The first reference to what became a new and major chapter in Bach's Leipzig period can be found in the postscript to a letter he wrote on March 20, 1729, to his former student Christoph Gottlob Wecker, now cantor at Schweidnitz in Silesia: “The latest is that the dear Lord has now also provided for honest Mr. Schott, and bestowed on him the post of Cantor in Gotha, wherefore he will say his farewells next week, as I am willing to take over his
Collegium
.”
27
From 1720, Georg Balthasar Schott had been organist of the New Church in Leipzig and, as the custom had been since Telemann's time, also director of the city's most prestigious Collegium Musicum. Throughout the seventeenth century, musically active university students had formed private societies that played an increasingly important role in Leipzig's public musical life, as they were often led by the city's most prominent professionals, such as Adam Krieger, Johann Rosenmüller, Sebastian Knüpfer, Johann Pezel, and Johann Kuhnau. In 1701, the young and energetic law student and first organist of the recently rebuilt New Church, Georg Philipp Telemann, founded a new Collegium that, he wrote, “often assembled up to 40 students.”
28
He was succeeded by Melchior Hoffmann, who directed the organization for ten years beginning in 1705. A Leipzig chronicler reported in 1716 that Hoffmann's Collegium had numbered between fifty and sixty members, performed twice weekly, and produced many virtuosos who later gained important positions as cantors, organists, and court musicians
29
—no exaggeration, since celebrities such as the Gotha capellmeister Gottfried Heinrich Stölzel, the Dresden concertmaster Johann Georg Pisendel, and the international opera star and bass singer Johann Gottfried Riemschneider had all performed under Hoffmann. After Hoffmann's premature death in 1715, his Collegium was briefly led by Johann Gottfried Vogler, who handed it over around 1718 to Schott and took charge of a smaller Collegium, founded on Telemann's model by Johann Friedrich Fasch and directed, during Bach's time, by Johann Gottlieb Görner (Table 8.2).

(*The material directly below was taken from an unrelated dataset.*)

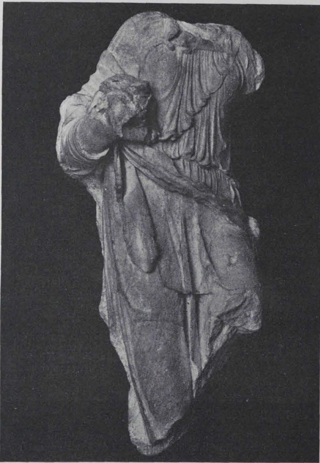
Fig. 172. — Marbre antic trobat a Tarragona (Museu de la Ciutadella) (Gravat de la «Gasete de les Arts». — Fot. Laboratori del Museu)

A fi de completar l'inventari de l'estatuària del Conventus Tarraconensis , fet per M. Eugène Albertini (1), publiquem a continuació les obres descobertes durant el període a que fa referència el nostre ANUARI, fent d'elles, més que un estudi, una descripció sumària.

The activities of the “Schottische” Collegium Musicum received a significant boost in 1723 when it began a close collaboration with Gottfried Zimmermann, proprietor and operator of the city's largest and most prominent coffeehouse. Located on Catharinenstrasse, Leipzig's most prestigious avenue off the main market square, the mansion (destroyed in World War II) contained a hall suitable for performances by large ensembles, including trumpets and timpani, and for an audience of up to 150. Zimmermann established a series of weekly two-hour concerts throughout the year, held outdoors in his coffee garden during the summer months. Although he did not sell tickets, we can assume that he attracted an audience who, before and after the concerts, would patronize his restaurant—a bourgeois emulation of the courtly practice of
musique de table
. He must have fared quite well with his concert series because he acquired several musical instruments specifically to support the Collegium, among them at least two violins, one viola, two bassoons, and two violones
30
—indicating that he was prepared to accommodate large ensembles needing a strong basso continuo group that included two bassoons and two double basses.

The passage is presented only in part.